We’ll use Oracle Machine Learning (OML) to train a classification model on the well-known Iris dataset. I’ve chosen it because it doesn’t require any preparation — we only need to create the table and insert the data.
Let’s do that next.
Data preparation
As mentioned, we need to create a table for holding the Iris dataset, and then we need to load data to it. OML requires one column to be used as row ID (sequence), so let’s keep that in mind:
CREATE SEQUENCE seq_iris;
CREATE TABLE iris_data(
iris_id NUMBER DEFAULT seq_iris.NEXTVAL,
sepal_length NUMBER,
sepal_width NUMBER,
petal_length NUMBER,
petal_width NUMBER,
species VARCHAR2(16)
);
Awesome! Now we can download the data and load it:
When a modal window pops-up simply provide a path to the downloaded CSV and click Next a couple of times. SQL Developer should get things right without your assistance.
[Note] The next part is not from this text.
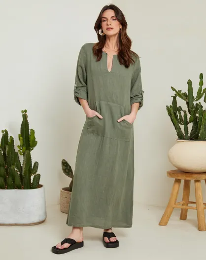 Felicie khakifarbenes Kleid aus 100% Leinen
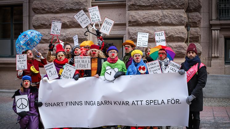 Clowner utan Gränser, en organisation som ger psykosocialt stöd till barn i utsatthet, arrangerar idag en fredsmanifestation utanför Sveriges riksdag. Med deltagande av clowner, artister och kulturaktörer, syftar den till att uppmärksamma behovet av en omedelbar vapenvila i Gaza. Sedan Hamas fruktansvärda attack den 7 oktober förra året har över 25 000 människor dödats i Gaza, varav av 9600 barn, och nästan hela befolkningen, 1,9 miljoner människor, har tvingats på flykt. Manifestationen sker i samband med att Tobias Billström ska utfrågas om Sveriges ansvar för att få stopp på kriget i Gaza.

Once done, we have our dataset loaded and prepared:
Let’s continue with the fun part now.
Model training
Now we can get our hands dirty with the fun stuff, and that’s training the classification model. This is broken down into multiple steps, such as train/test split, model training, and model evaluation. Let’s start with the simplest one.
Train/test split
Oracle likes this step done with two views — one for training data and one for testing data. We can easily create those with a bit of PL/SQL magic:
BEGIN
EXECUTE IMMEDIATE
‘CREATE OR REPLACE VIEW
iris_train_data AS
SELECT * FROM iris_data
SAMPLE (75) SEED (42)’;
EXECUTE IMMEDIATE
‘CREATE OR REPLACE VIEW
iris_test_data AS
SELECT * FROM iris_data
MINUS
SELECT * FROM iris_train_data’;
END;
/
This script does two things:
- Creates a train view — has 75% of data (
SAMPLE (75)
) split at the random seed 42 (SEED (42)
) - Creates a test view — as a difference of the entire dataset and the training view
Our data is stored in views named iris_train_data
and iris_test_data
— you guess which one holds what.
Let’s quickly check how many rows are in each:
SELECT COUNT(*) FROM iris_train_data;
>>> 111
SELECT COUNT(*) FROM iris_test_data;
>>> 39
We are ready to train the model, so let’s do that next.
Model training
The easiest method for model training is through DBMS_DATA_MINING
package, with a single procedure execution, and without the need for creating additional settings tables.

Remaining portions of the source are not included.